▶ _What this task involves_
Set down every entry exactly as it stands, omitting any picture.

▶ _Provided material_
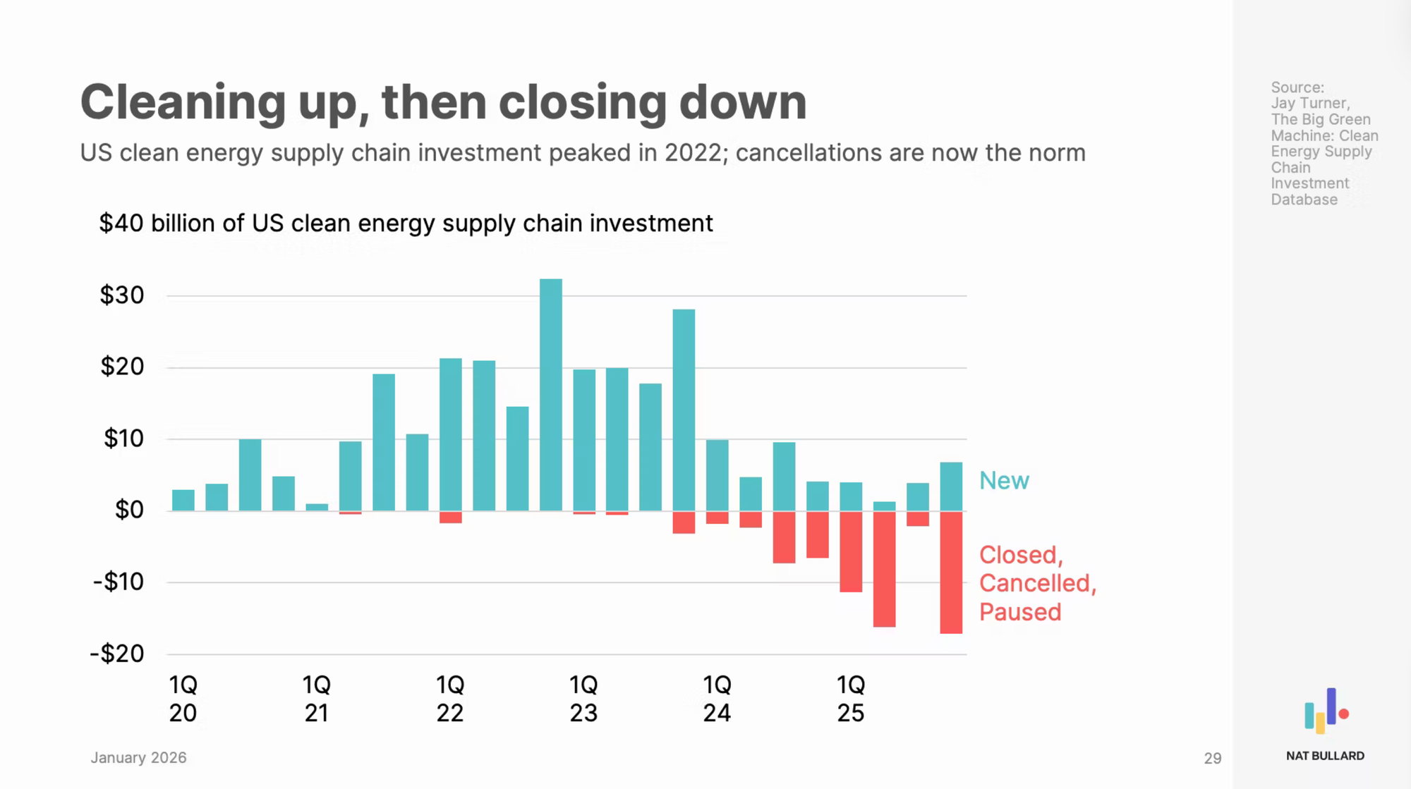 By Q3 of 2025, the Clean Energy Investment Monitor reported year-over-year declines of 56% in new industrial decarbonization projects, 26% in manufacturing, and 5% in consumer distributed energy technolgies. There were gains, too, but the overall picture is not rosy.
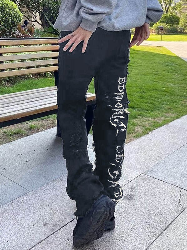 Descripción: Estos jeans desgastados se cortan en un calce de pierna recta, presenta agujeros rasgados deshilachados en la pierna y detalle de letras góticas bordadas en la parte posterior, con bolsillos funcionales, cierre de botón con cremallera y diseño de dobladillo sin rematar.
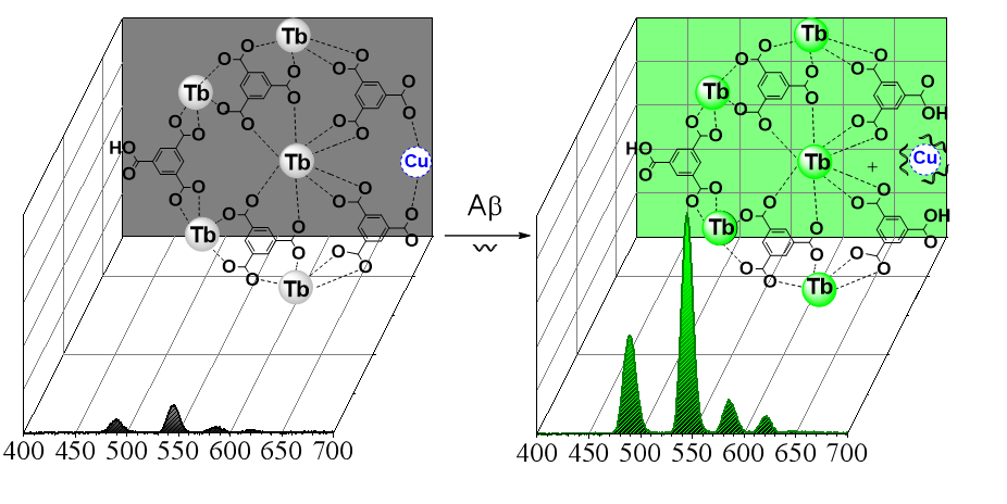 阿尔茨海默(Alzheimer's disease,AD)俗称老年痴呆,目前很难治愈。然而,通过对其标志物进行早期诊断、提前预防并对症治疗,可以有效减缓甚至阻碍疾病的进一步恶化,提高患者的生活质量。本课题组首次将Cu2+作为荧光猝灭剂引入到稀土金属有机配位聚合物中,作为AD标志物Aβ1~40的识别单元,并利用稀土的时间分辨荧光的长寿命特征,进一步对血浆中Aβ1~40进行了直接测定。相比于传统的研究方法,该方法采用血浆做标本,消除了患者对脑脊液采集的恐惧心理;此外,利用稀土纳米配合物时间分辨荧光测定Aβ1~40,可以有效消除复杂体系中生物样品的干扰,从而提高大大提高检测的灵敏度与选择性。
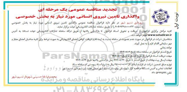 شهرداری نسیم شهر در نظر دارد فراخوان مناقصه عمومی واگذاری تامین نیروی انسانی مورد نیاز به بخش خصوصی به شماره 2004093980000033 را از طریق سامانه تدارکات الکترونیک دولت برگزار نماید.
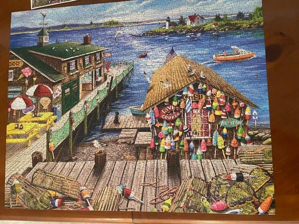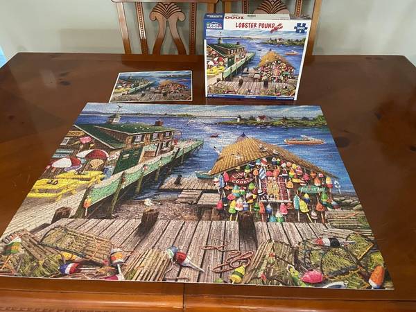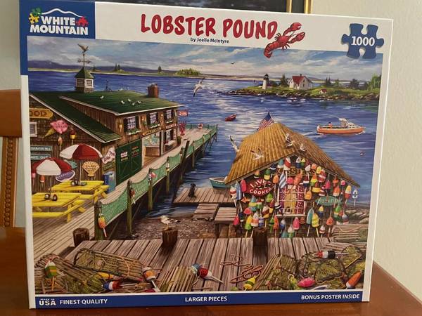 "Lobster Pound" White Mountain Quality 1000 Piece Puzzle for $6. No pieces missing and smoke free home. Pickup in Sun City, Georgetown. Thank you!
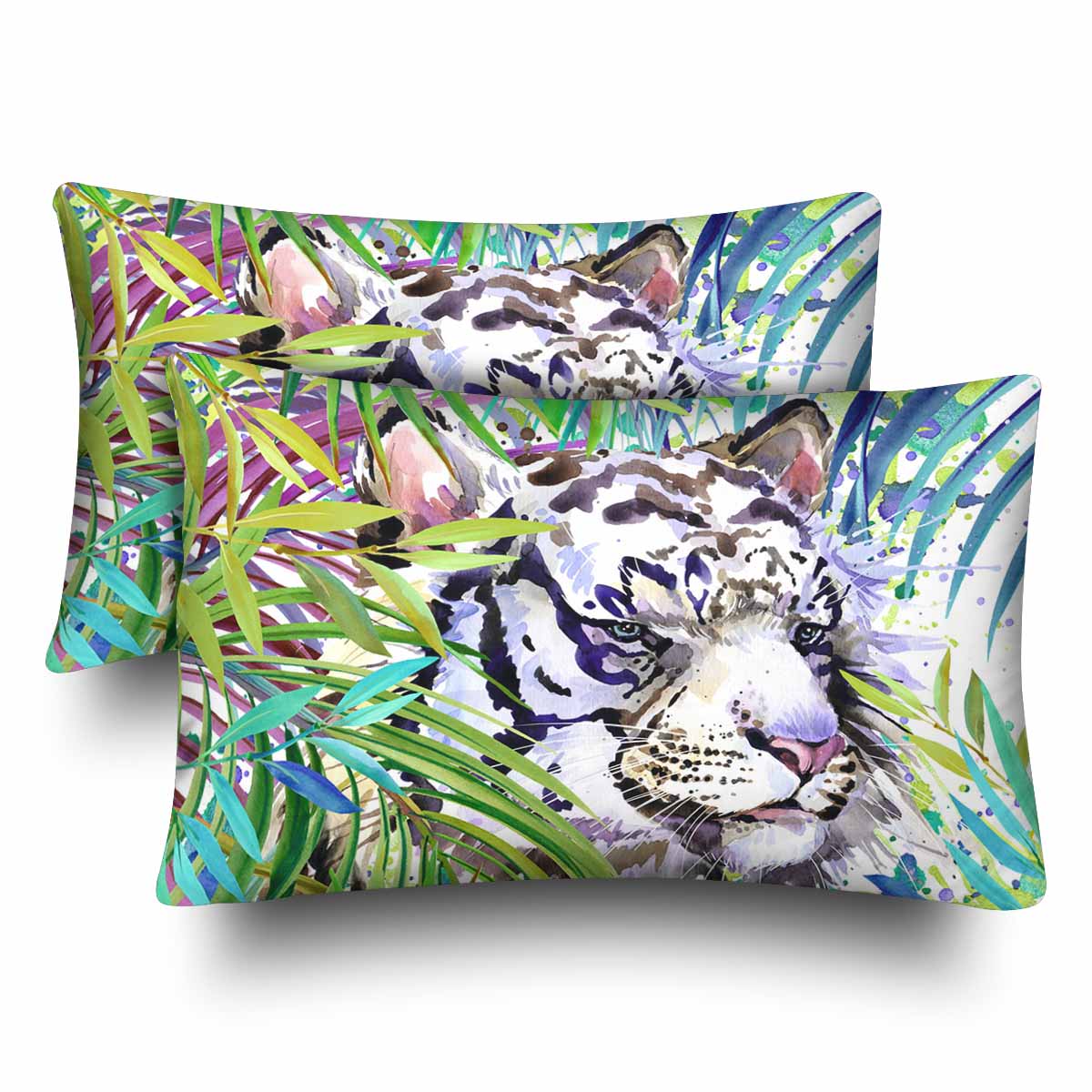 Animals themed Rectangle Pillow Cases printed Watercolor Tropical exotic forest
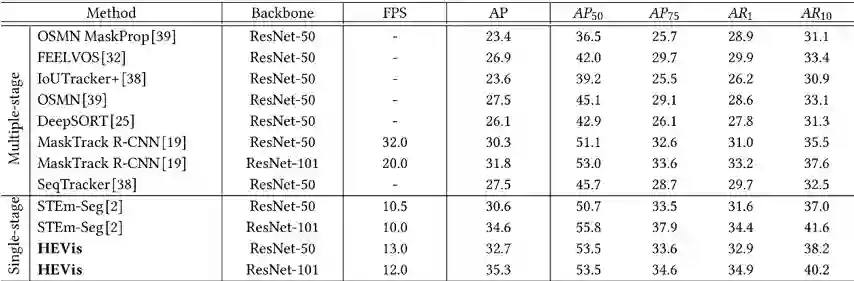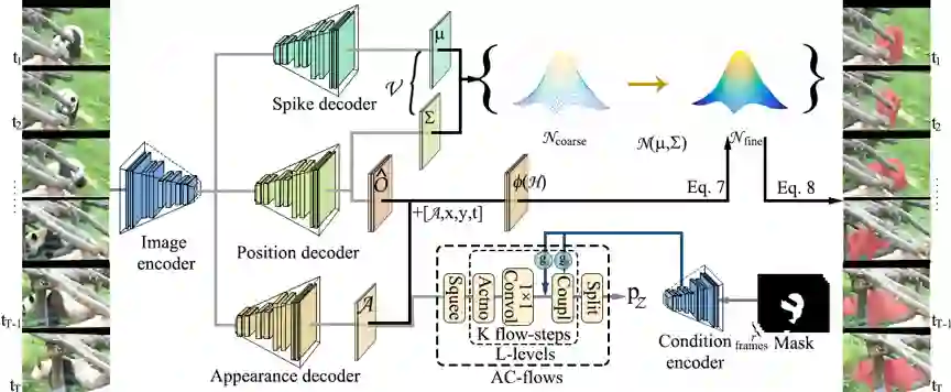 视频实例分割(VIS)涉及跟踪、分割和分类视频序列中的所有实例。现有的工作大都遵循判别式的检测-跟踪范式。然而,这些方法并不是端对端、可训练的,需要设计和微调多个独立的子模型,这种解决方案即繁琐,其计算代价也十分昂贵。并且由于视频中存在着天然干扰因素,如低分辨率和运动模糊,这些方法经常无法鲁棒的定位到新的实例。本文从以下两个方面着手解决这些问题:(a):本文提出了一个层次化变分贝叶斯VIS框架:HEVis,在一个前向传播中跨越空间和时间来分割和跟踪实例,以学习目标和背景的有效表示;(b):本文引入一个基于因式分解的条件流(conditional flow)来细化外观特征分布,以获得每个实例更鲁棒的特征表示。
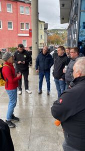 Vor Ort wurde die Reisegruppe von Stadtführerin Christiane Weber empfangen. In einer rund zweistündigen Führung vermittelte sie spannende Einblicke in die industrielle Vergangenheit der Region, insbesondere in die Historie des ehemaligen Walzwerks. Mit fundiertem Fachwissen beantwortete sie zahlreiche Fragen der Teilnehmer.
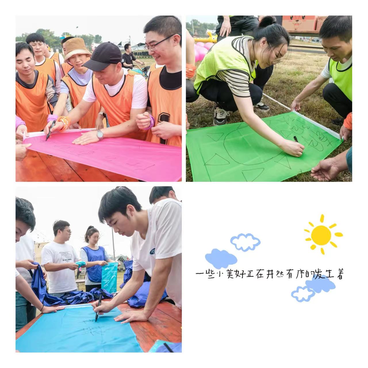 在欢乐有爱的氛围下,共生百人团对队被分成了6组小团队,在这里,没有公司领导,没有员工,只有并肩作战的队友。推选组长、取队名、定队呼、队歌、绘队旗、设计团队造型,“火药味”十足的趣味运动会就此拉开帷幕。
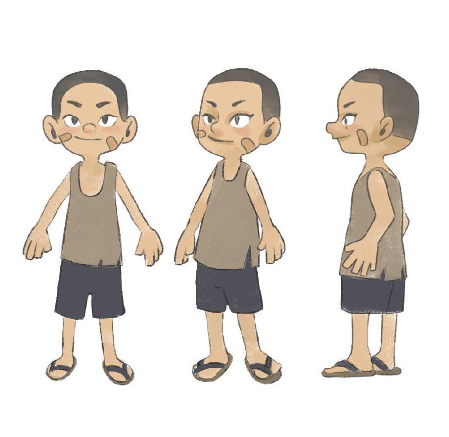 年齡12歲,出生在營業雜貨店的家庭,家境小康,家中七名 小孩裡排行老二,是街區中的孩子王。
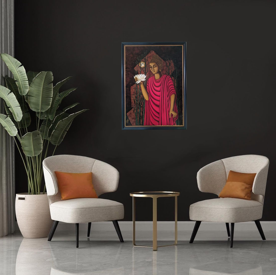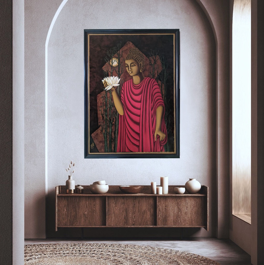 This colourful, yet simple painting can serve both as a focal point or as a complementary piece to your existing decor. In Buddhism, the white lotus flower symbolises a state of spiritual perfection and mental purity, it also associated with Bodhi or being awakened. According to Buddhism, the red colour is transforms the illusion of attachment into the wisdom of discernment. Its transient brown, red and white hue lends itself amicably to both warm and cold tempered surroundings. Painting in warm & cold tones works well in professional and personal settings and may provide an oft needed reminder of Buddhist teachings .
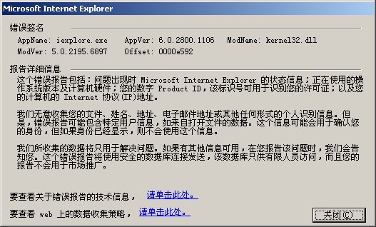 MSIE: Internet Explorer v6.00 SP1 (6.00.2800.1106)
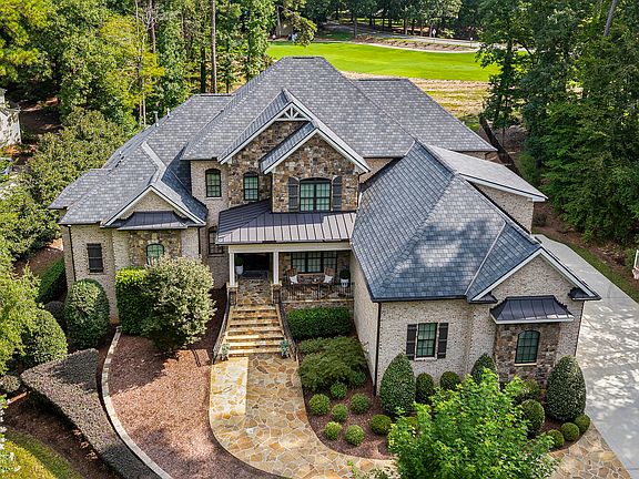 Experience luxury living in this stunning executive home located in the prestigious MacGregor Downs community, with captivating views of the 14th fairway and inviting backyard oasis. Meticulously designed for both elegance and function, this residence blends timeless craftsmanship with modern comforts across three beautifully finished levels. The heart of the home is an exquisite chef's kitchen, showcasing high-end Thermador appliances, crowned cabinetry, a center island, walk-in pantry, and bright breakfast area. Entertain with ease in the formal dining room, featuring a coffered ceiling and an adjoining butler's pantry. The adjacent family room mirrors this refined aesthetic with its own coffered ceiling and fireplace framed by custom built-ins. The MAIN floor Owner's Suite is a tranquil retreat, boasting a vaulted ceiling, two walk-in closets, and a spa-inspired bath with two vanities, a luxurious Victoria + Albert freestanding tub, and an expansive tiled walk-in shower with dual entrances. A guest suite, powder room, mudroom, and laundry complete the main level. Upstairs boasts 3 bedrooms, bonus/media rooms with wet bars, and a 2nd laundry. The finished basement transforms into a full entertainment suite with a fireplace, a bar, game area, den, exercise room, sixth bedroom, full bath, and access to unfinished storage. Outdoor amenities are equally impressive, with a private pool, hot tub, fire pit sitting area, flagstone patio with built-in bar and grill, a beautifully landscaped fenced backyard, and a screened porch with stone-surround fireplace. An irrigation system services the entire yard. The home offers an attached 3-car garage on the main level and a 1-car golf garage on the lower level. Memberships to MacGregor Downs Country Club are available, and the location places you just minutes from Waverly Place, Whole Foods, WakeMed Cary, Koka Booth Amphitheatre, Hemlock Bluffs Nature Preserve, area parks and greenways, with quick access to US-64, US-1, and I-40.

▶ _Response area_
 By Q3 of 2025, the Clean Energy Investment Monitor reported year-over-year declines of 56% in new industrial decarbonization projects, 26% in manufacturing, and 5% in consumer distributed energy technolgies. There were gains, too, but the overall picture is not rosy.
 Descripción: Estos jeans desgastados se cortan en un calce de pierna recta, presenta agujeros rasgados deshilachados en la pierna y detalle de letras góticas bordadas en la parte posterior, con bolsillos funcionales, cierre de botón con cremallera y diseño de dobladillo sin rematar.
 阿尔茨海默(Alzheimer's disease,AD)俗称老年痴呆,目前很难治愈。然而,通过对其标志物进行早期诊断、提前预防并对症治疗,可以有效减缓甚至阻碍疾病的进一步恶化,提高患者的生活质量。本课题组首次将Cu2+作为荧光猝灭剂引入到稀土金属有机配位聚合物中,作为AD标志物Aβ1~40的识别单元,并利用稀土的时间分辨荧光的长寿命特征,进一步对血浆中Aβ1~40进行了直接测定。相比于传统的研究方法,该方法采用血浆做标本,消除了患者对脑脊液采集的恐惧心理;此外,利用稀土纳米配合物时间分辨荧光测定Aβ1~40,可以有效消除复杂体系中生物样品的干扰,从而提高大大提高检测的灵敏度与选择性。
 شهرداری نسیم شهر در نظر دارد فراخوان مناقصه عمومی واگذاری تامین نیروی انسانی مورد نیاز به بخش خصوصی به شماره 2004093980000033 را از طریق سامانه تدارکات الکترونیک دولت برگزار نماید.
 "Lobster Pound" White Mountain Quality 1000 Piece Puzzle for $6. No pieces missing and smoke free home. Pickup in Sun City, Georgetown. Thank you!
 Animals themed Rectangle Pillow Cases printed Watercolor Tropical exotic forest
 视频实例分割(VIS)涉及跟踪、分割和分类视频序列中的所有实例。现有的工作大都遵循判别式的检测-跟踪范式。然而,这些方法并不是端对端、可训练的,需要设计和微调多个独立的子模型,这种解决方案即繁琐,其计算代价也十分昂贵。并且由于视频中存在着天然干扰因素,如低分辨率和运动模糊,这些方法经常无法鲁棒的定位到新的实例。本文从以下两个方面着手解决这些问题:(a):本文提出了一个层次化变分贝叶斯VIS框架:HEVis,在一个前向传播中跨越空间和时间来分割和跟踪实例,以学习目标和背景的有效表示;(b):本文引入一个基于因式分解的条件流(conditional flow)来细化外观特征分布,以获得每个实例更鲁棒的特征表示。
 Vor Ort wurde die Reisegruppe von Stadtführerin Christiane Weber empfangen. In einer rund zweistündigen Führung vermittelte sie spannende Einblicke in die industrielle Vergangenheit der Region, insbesondere in die Historie des ehemaligen Walzwerks. Mit fundiertem Fachwissen beantwortete sie zahlreiche Fragen der Teilnehmer.
 在欢乐有爱的氛围下,共生百人团对队被分成了6组小团队,在这里,没有公司领导,没有员工,只有并肩作战的队友。推选组长、取队名、定队呼、队歌、绘队旗、设计团队造型,“火药味”十足的趣味运动会就此拉开帷幕。
 年齡12歲,出生在營業雜貨店的家庭,家境小康,家中七名 小孩裡排行老二,是街區中的孩子王。
 This colourful, yet simple painting can serve both as a focal point or as a complementary piece to your existing decor. In Buddhism, the white lotus flower symbolises a state of spiritual perfection and mental purity, it also associated with Bodhi or being awakened. According to Buddhism, the red colour is transforms the illusion of attachment into the wisdom of discernment. Its transient brown, red and white hue lends itself amicably to both warm and cold tempered surroundings. Painting in warm & cold tones works well in professional and personal settings and may provide an oft needed reminder of Buddhist teachings .
 MSIE: Internet Explorer v6.00 SP1 (6.00.2800.1106)
 Experience luxury living in this stunning executive home located in the prestigious MacGregor Downs community, with captivating views of the 14th fairway and inviting backyard oasis. Meticulously designed for both elegance and function, this residence blends timeless craftsmanship with modern comforts across three beautifully finished levels. The heart of the home is an exquisite chef's kitchen, showcasing high-end Thermador appliances, crowned cabinetry, a center island, walk-in pantry, and bright breakfast area. Entertain with ease in the formal dining room, featuring a coffered ceiling and an adjoining butler's pantry. The adjacent family room mirrors this refined aesthetic with its own coffered ceiling and fireplace framed by custom built-ins. The MAIN floor Owner's Suite is a tranquil retreat, boasting a vaulted ceiling, two walk-in closets, and a spa-inspired bath with two vanities, a luxurious Victoria + Albert freestanding tub, and an expansive tiled walk-in shower with dual entrances. A guest suite, powder room, mudroom, and laundry complete the main level. Upstairs boasts 3 bedrooms, bonus/media rooms with wet bars, and a 2nd laundry. The finished basement transforms into a full entertainment suite with a fireplace, a bar, game area, den, exercise room, sixth bedroom, full bath, and access to unfinished storage. Outdoor amenities are equally impressive, with a private pool, hot tub, fire pit sitting area, flagstone patio with built-in bar and grill, a beautifully landscaped fenced backyard, and a screened porch with stone-surround fireplace. An irrigation system services the entire yard. The home offers an attached 3-car garage on the main level and a 1-car golf garage on the lower level. Memberships to MacGregor Downs Country Club are available, and the location places you just minutes from Waverly Place, Whole Foods, WakeMed Cary, Koka Booth Amphitheatre, Hemlock Bluffs Nature Preserve, area parks and greenways, with quick access to US-64, US-1, and I-40.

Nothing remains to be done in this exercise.